Everyday Spaces

In geography, an \”entire spatial language has emerged for comprehending the contours of social reality.\” (Neil Smith) The seminar explores ways in which a more articulate spatial discourse can support an architecture whose meanings are grounded in spatial relations. It focuses on concepts and terms through which to address space as a material presence that is both product and producer of social activities and relationships. The course will identify different spatialities in three subdisciplines of geography that could be termed cultural, social, and feminist, and which, broadly construed, focus respectively on: landscape (D. Cosgrove, S. Daniels, J. Harley), city (D. Harvey, E. Soja, N. Smith), and identity (G. Rose, D. Massey, A. Blunt).
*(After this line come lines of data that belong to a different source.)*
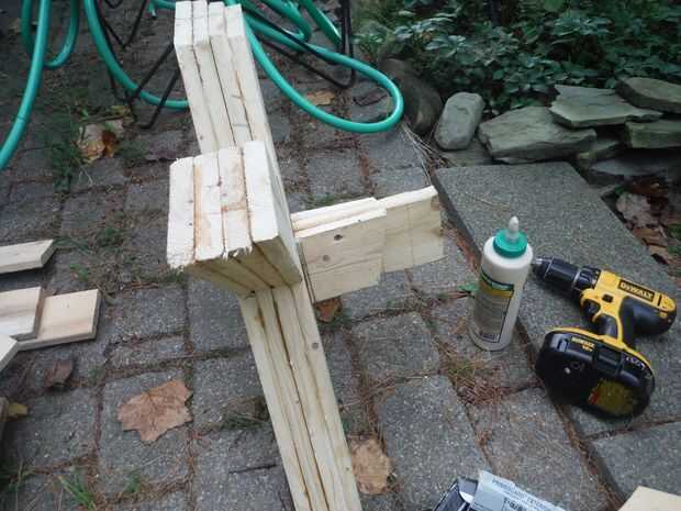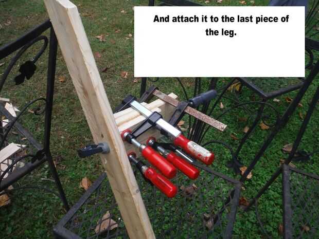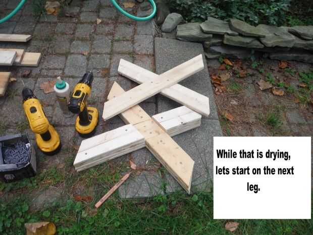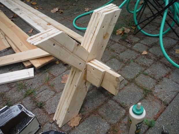 Paso 6: Cuarta capa de pierna atada después de la Cruz miembro soporte es encolados/atornillados en su lugar.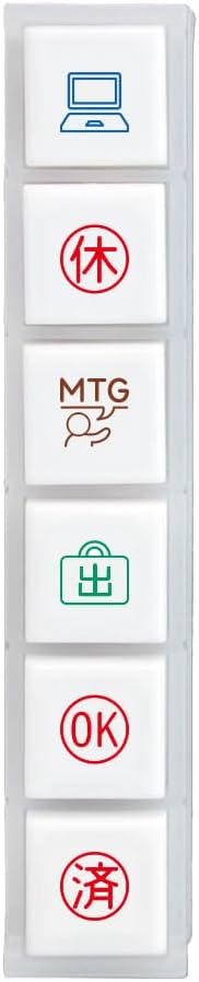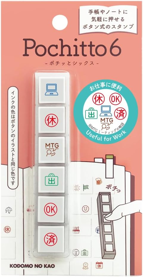 チっと軽く押すだけで綺麗にスタンプが押せる「ポチっとシックス」は、キーボードのようなボタン式浸透印で手元が安定して押しやすく、従来のスタンプの押し損じを解消します。また油性インクを採用しているので、上から水性ペンで塗ってもにじみません。約1,000回捺印可能・使い切りタイプです。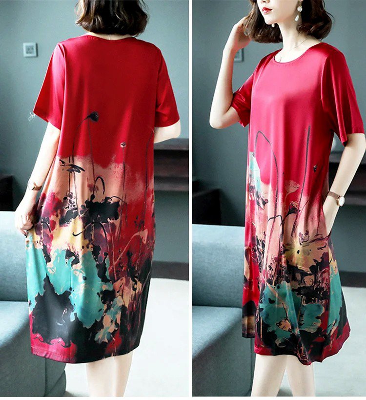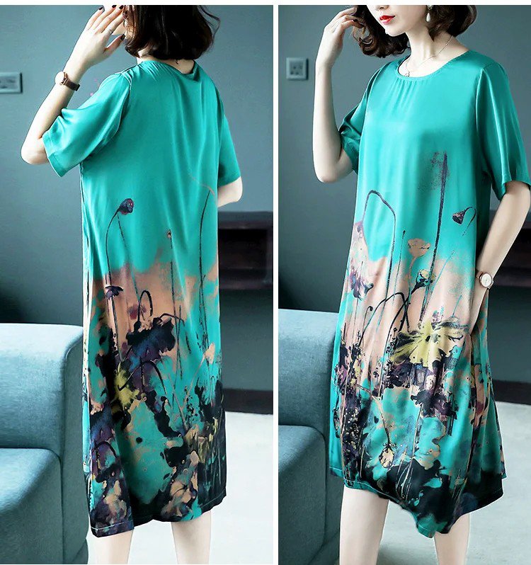 ชุดเดรสผ้าไหมเย็น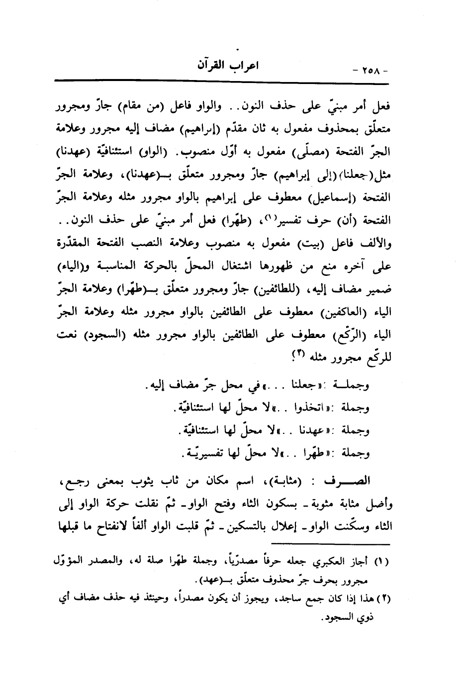 فعل أمر مبنيّ على حذف النون.. والواو فاعل (من مقام) جارّ ومجرور متعلّق بمحذوف مفعول به ثان مقدّم (إبراهيم) مضاف إليه مجرور وعلامة الجرّ الفتحة (مصلّى) مفعول به أوّل منصوب. (الواو) استئنافيّة (عهدنا) مثل (جعلنا) (إلى إبراهيم) جارّ ومجرور متعلّق ب (عهدنا) ، وعلامة الجرّ الفتحة (إسماعيل) معطوف على إبراهيم بالواو مجرور مثله وعلامة الجرّ الفتحة (أن) حرف تفسير «1» ، (طهّرا) فعل أمر مبنيّ على حذف النون..

All three of these subdisciplines differ from traditional geographies, in their recognition that space is a social construct made up of social relations and constituted through material practices, and also that spaces (are not only products, but) have material effects of their own. Both architecture and geography have taken for granted their basis in the naturalized opposition of masculine culture and feminine nature, wherein science has been presented as the objective agent for the revelation of an already existing transparent order of space. The persistence of these alignments is evidence that traditional conceptions of knowledge and gender are deeply embedded in existing spaces. To the extent that they go unrecognized, these conceptions also hinder our understanding of spaces that we construct. Recent geographical writing on the construction of space constitutes a critical resource for architectural thought. However, geographers rarely associate these issues with the productive challenges that architects address daily. In other words, architects are manipulators of space; geographers are not. The seminar frames questions about ways in which the two disciplines can extend each other\’s discourse on both social and formal aspects of spatial relationships.Each class meeting is organized around a spatial topic, including ground, boundary, scale, position, map, and paradox. Each student will work on two topics, for which he or she will collaboratively present readings, develop a glossary (of definitions, interpretations, and quotations), and produce a conceptual model of a space or spaces, due in final form and to include a 3-5 page text, during reading period.